═══ MATERIAL PROVIDED

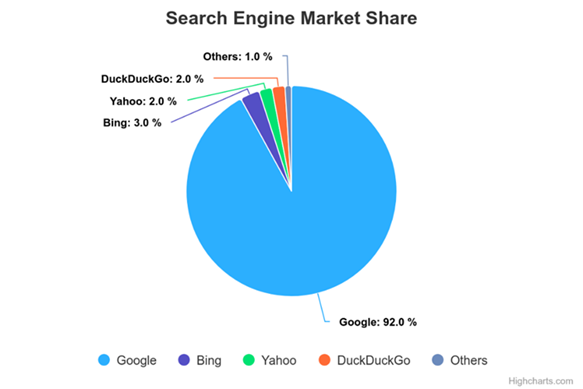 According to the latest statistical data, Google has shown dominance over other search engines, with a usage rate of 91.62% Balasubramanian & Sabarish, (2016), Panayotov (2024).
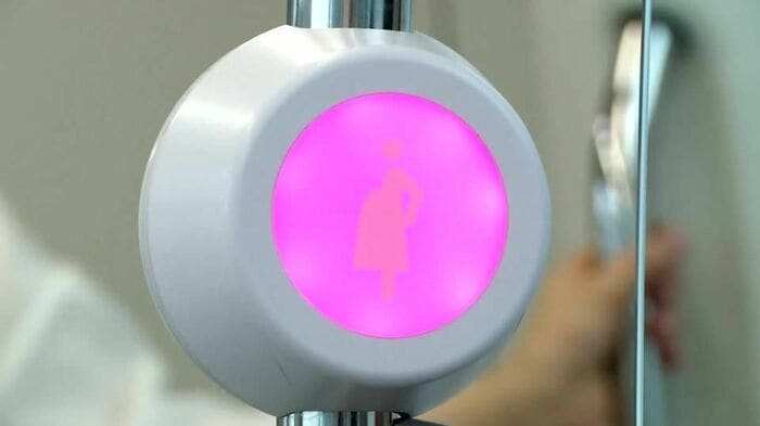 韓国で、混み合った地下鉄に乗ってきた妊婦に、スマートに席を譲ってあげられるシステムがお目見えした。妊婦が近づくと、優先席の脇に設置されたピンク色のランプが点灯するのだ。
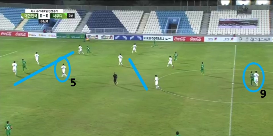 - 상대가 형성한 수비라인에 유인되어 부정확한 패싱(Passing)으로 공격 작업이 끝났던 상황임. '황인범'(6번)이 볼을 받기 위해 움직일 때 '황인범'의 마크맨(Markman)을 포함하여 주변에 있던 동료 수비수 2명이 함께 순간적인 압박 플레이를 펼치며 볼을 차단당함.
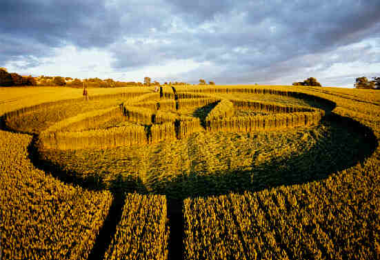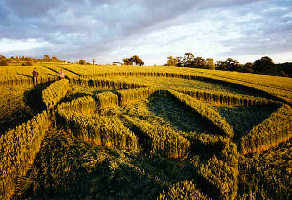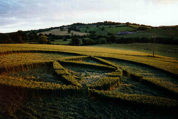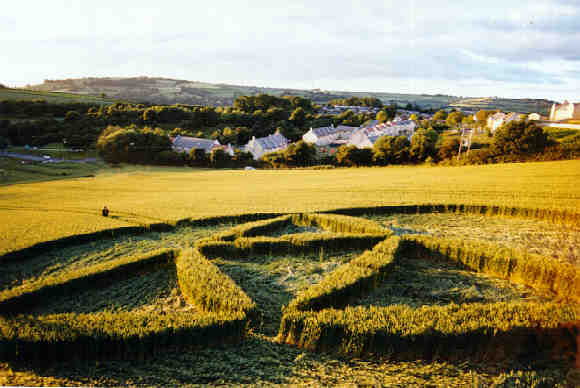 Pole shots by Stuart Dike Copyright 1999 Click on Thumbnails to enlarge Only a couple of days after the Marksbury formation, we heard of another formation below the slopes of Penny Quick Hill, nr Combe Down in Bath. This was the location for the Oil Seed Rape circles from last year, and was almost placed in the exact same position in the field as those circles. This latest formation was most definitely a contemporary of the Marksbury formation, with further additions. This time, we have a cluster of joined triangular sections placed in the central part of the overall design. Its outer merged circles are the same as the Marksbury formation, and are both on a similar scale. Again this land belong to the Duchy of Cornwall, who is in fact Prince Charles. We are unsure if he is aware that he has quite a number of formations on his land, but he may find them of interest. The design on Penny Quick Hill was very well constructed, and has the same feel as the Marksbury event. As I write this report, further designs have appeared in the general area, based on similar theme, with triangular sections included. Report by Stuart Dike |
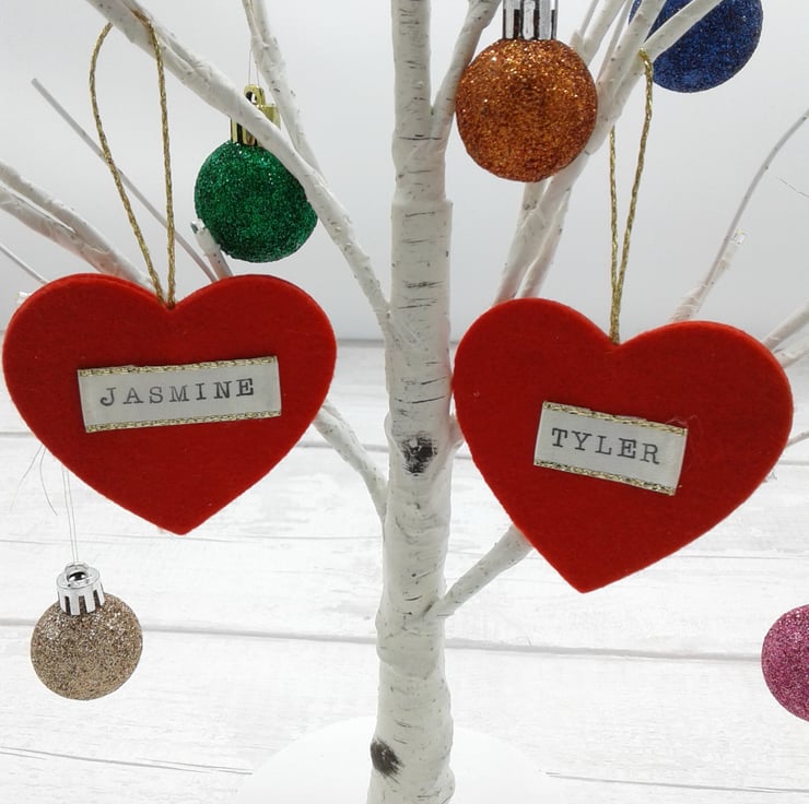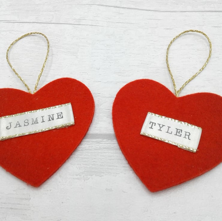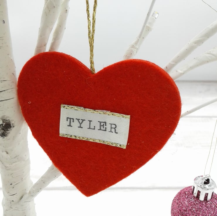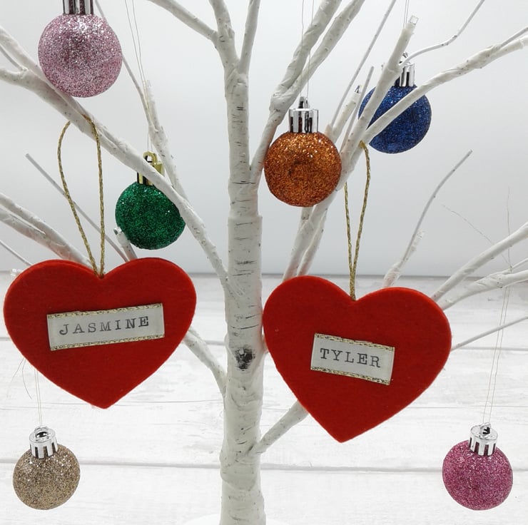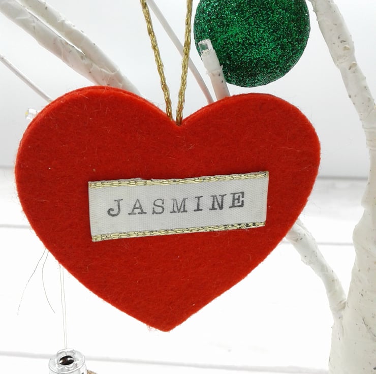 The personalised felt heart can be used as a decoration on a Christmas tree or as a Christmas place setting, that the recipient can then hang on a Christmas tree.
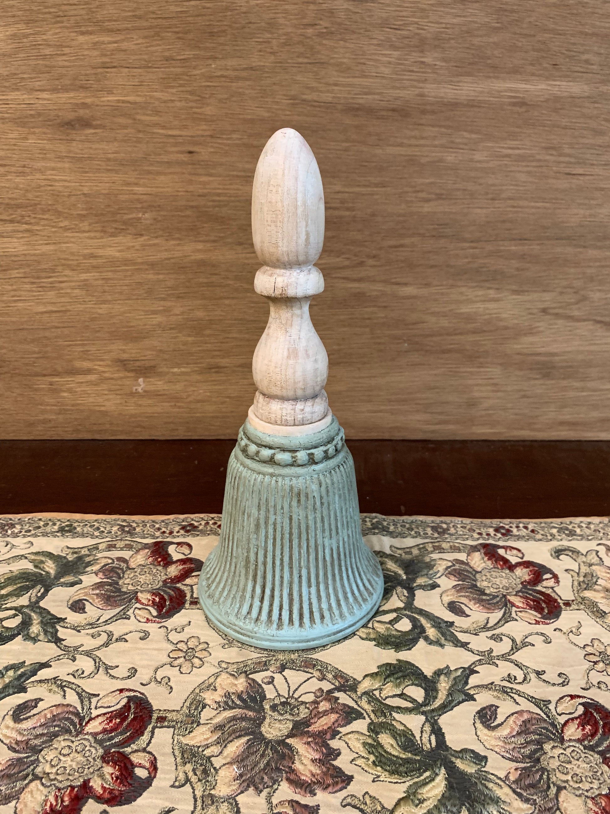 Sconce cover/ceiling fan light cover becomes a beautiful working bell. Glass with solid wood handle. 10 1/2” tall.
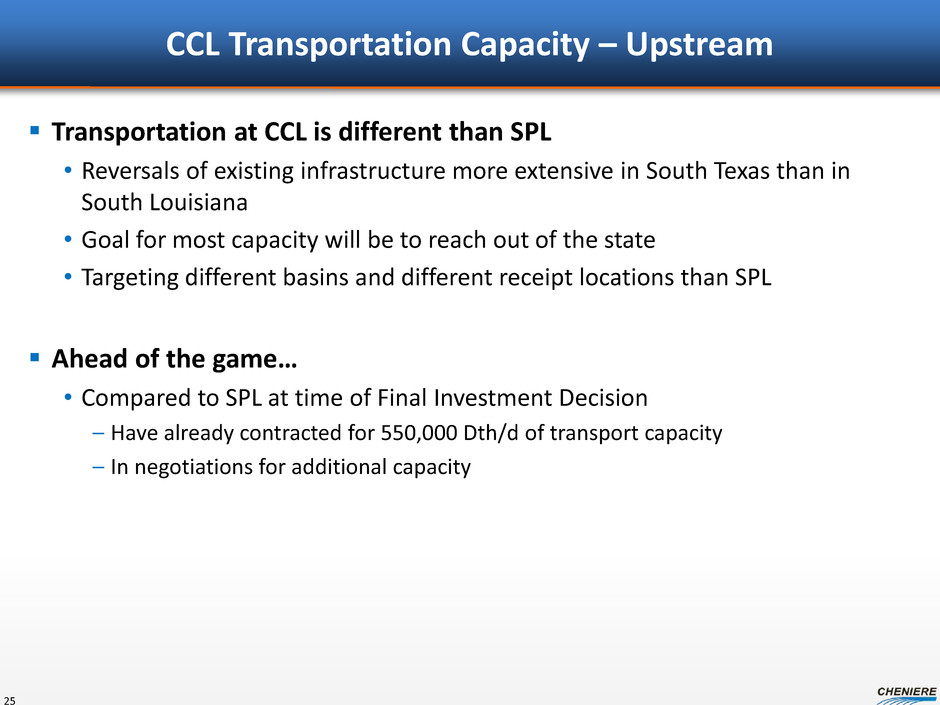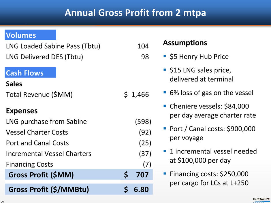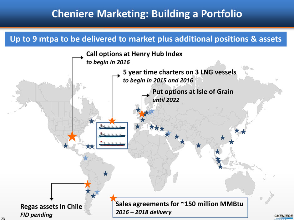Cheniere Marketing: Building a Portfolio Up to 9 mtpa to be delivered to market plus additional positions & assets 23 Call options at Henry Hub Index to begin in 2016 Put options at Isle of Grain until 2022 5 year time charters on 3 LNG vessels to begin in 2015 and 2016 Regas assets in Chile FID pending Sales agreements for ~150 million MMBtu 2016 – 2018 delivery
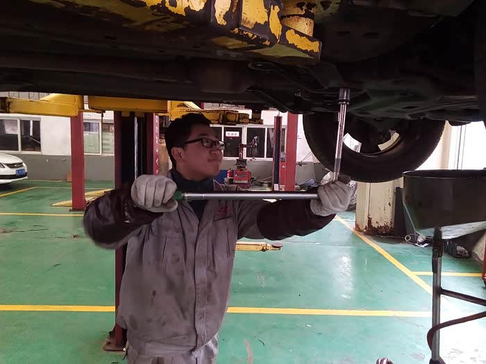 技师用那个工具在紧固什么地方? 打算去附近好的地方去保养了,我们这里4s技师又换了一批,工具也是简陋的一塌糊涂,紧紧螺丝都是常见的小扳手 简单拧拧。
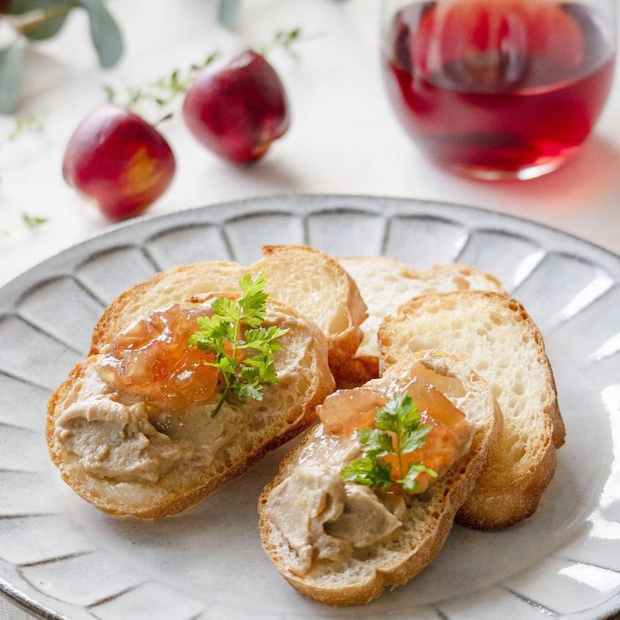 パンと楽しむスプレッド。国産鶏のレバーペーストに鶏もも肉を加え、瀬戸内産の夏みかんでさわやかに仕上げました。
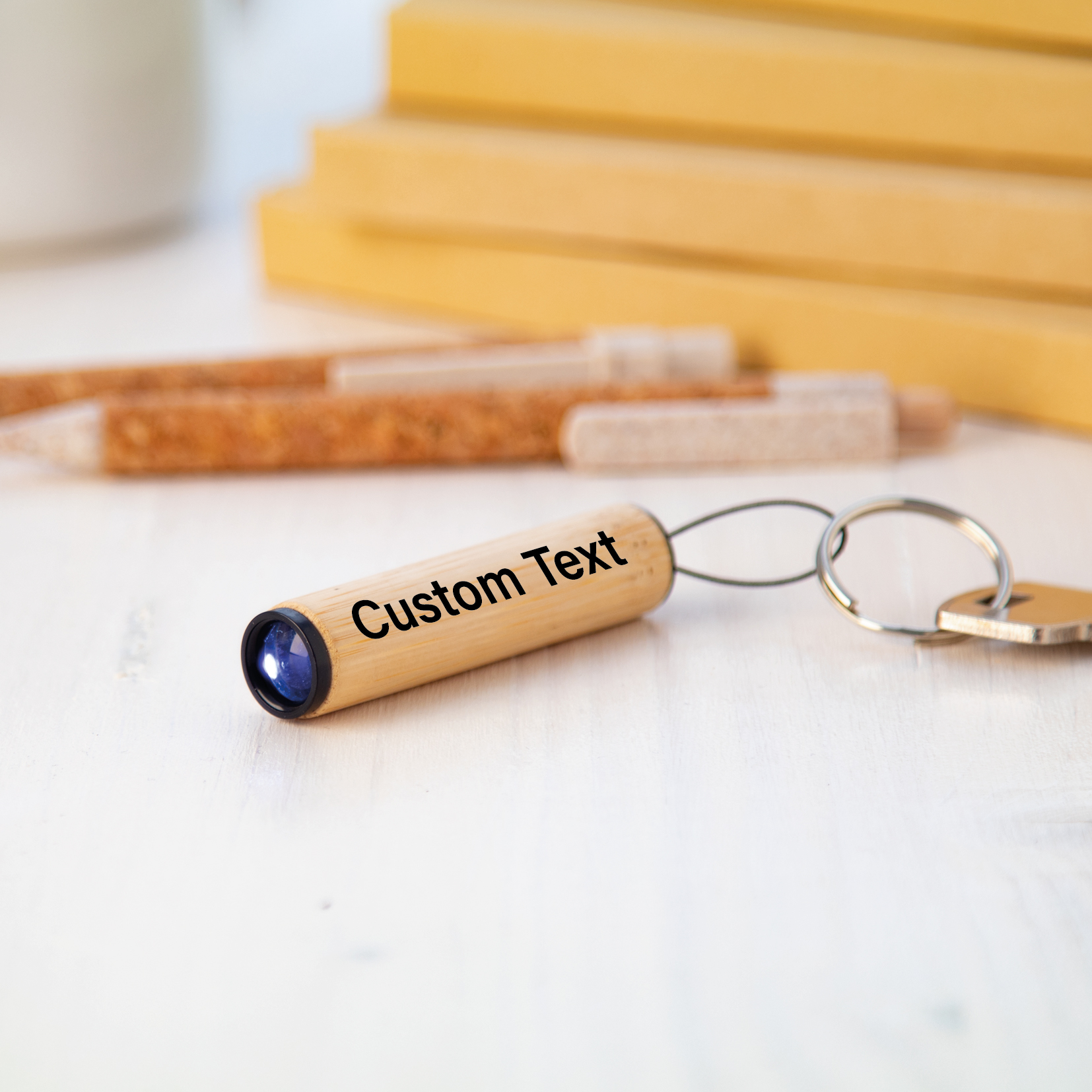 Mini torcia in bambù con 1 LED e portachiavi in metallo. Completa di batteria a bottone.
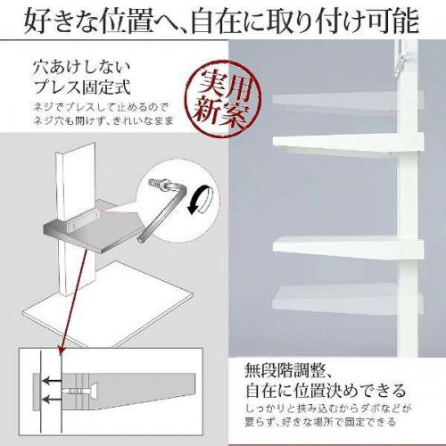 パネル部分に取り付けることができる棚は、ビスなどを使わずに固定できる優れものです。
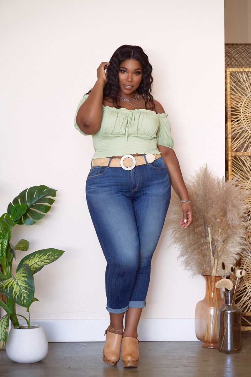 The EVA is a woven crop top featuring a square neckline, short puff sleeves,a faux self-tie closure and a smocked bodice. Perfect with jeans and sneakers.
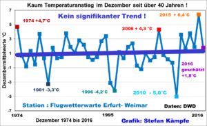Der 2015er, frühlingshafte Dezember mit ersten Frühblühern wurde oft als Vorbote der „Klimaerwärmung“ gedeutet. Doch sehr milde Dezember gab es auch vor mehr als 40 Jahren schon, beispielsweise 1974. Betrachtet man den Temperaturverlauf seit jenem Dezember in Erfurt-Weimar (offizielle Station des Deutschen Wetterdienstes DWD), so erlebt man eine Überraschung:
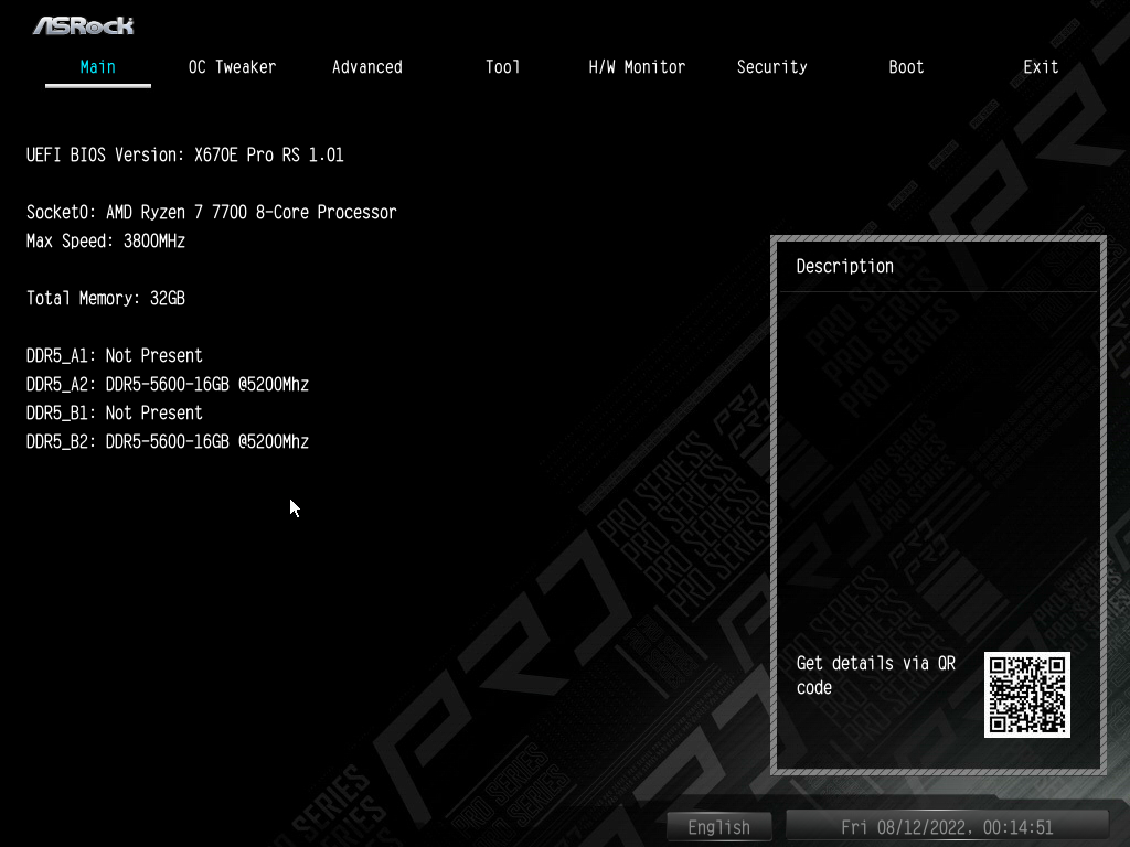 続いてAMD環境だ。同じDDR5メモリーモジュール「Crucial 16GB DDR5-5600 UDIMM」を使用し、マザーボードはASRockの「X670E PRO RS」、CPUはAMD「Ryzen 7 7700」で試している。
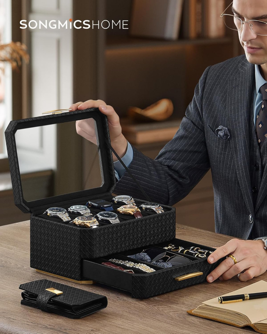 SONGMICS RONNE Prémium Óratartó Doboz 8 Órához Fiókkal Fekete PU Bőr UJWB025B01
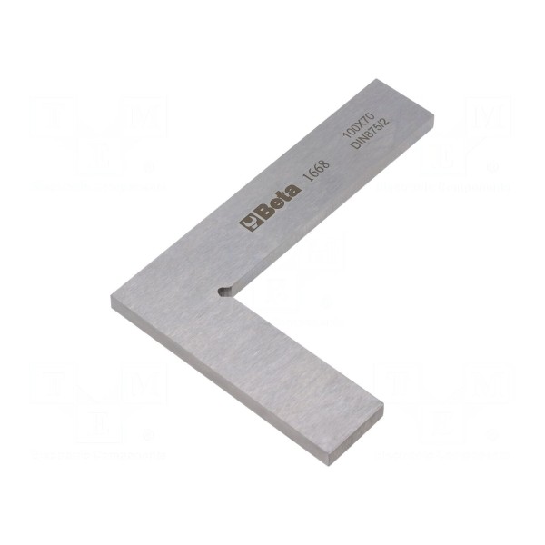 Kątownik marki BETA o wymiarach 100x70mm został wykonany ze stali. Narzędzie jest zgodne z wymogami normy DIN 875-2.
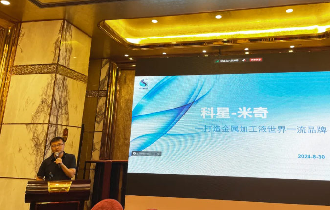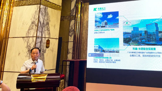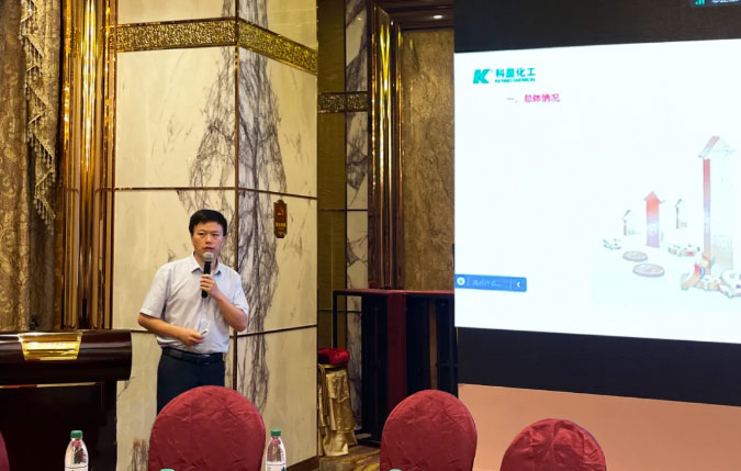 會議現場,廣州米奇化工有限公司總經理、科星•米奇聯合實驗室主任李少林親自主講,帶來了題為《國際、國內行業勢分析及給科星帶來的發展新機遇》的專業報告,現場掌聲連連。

══════

* [YOUR INSTRUCTIONS]: Starting with the first line of the data above and ending with the line containing "- 상대가 형성한 수비라인에", please restate every line exactly, leaving images out.

* [YOUR RESPONSE]:
 According to the latest statistical data, Google has shown dominance over other search engines, with a usage rate of 91.62% Balasubramanian & Sabarish, (2016), Panayotov (2024).
 韓国で、混み合った地下鉄に乗ってきた妊婦に、スマートに席を譲ってあげられるシステムがお目見えした。妊婦が近づくと、優先席の脇に設置されたピンク色のランプが点灯するのだ。
 - 상대가 형성한 수비라인에 유인되어 부정확한 패싱(Passing)으로 공격 작업이 끝났던 상황임. '황인범'(6번)이 볼을 받기 위해 움직일 때 '황인범'의 마크맨(Markman)을 포함하여 주변에 있던 동료 수비수 2명이 함께 순간적인 압박 플레이를 펼치며 볼을 차단당함.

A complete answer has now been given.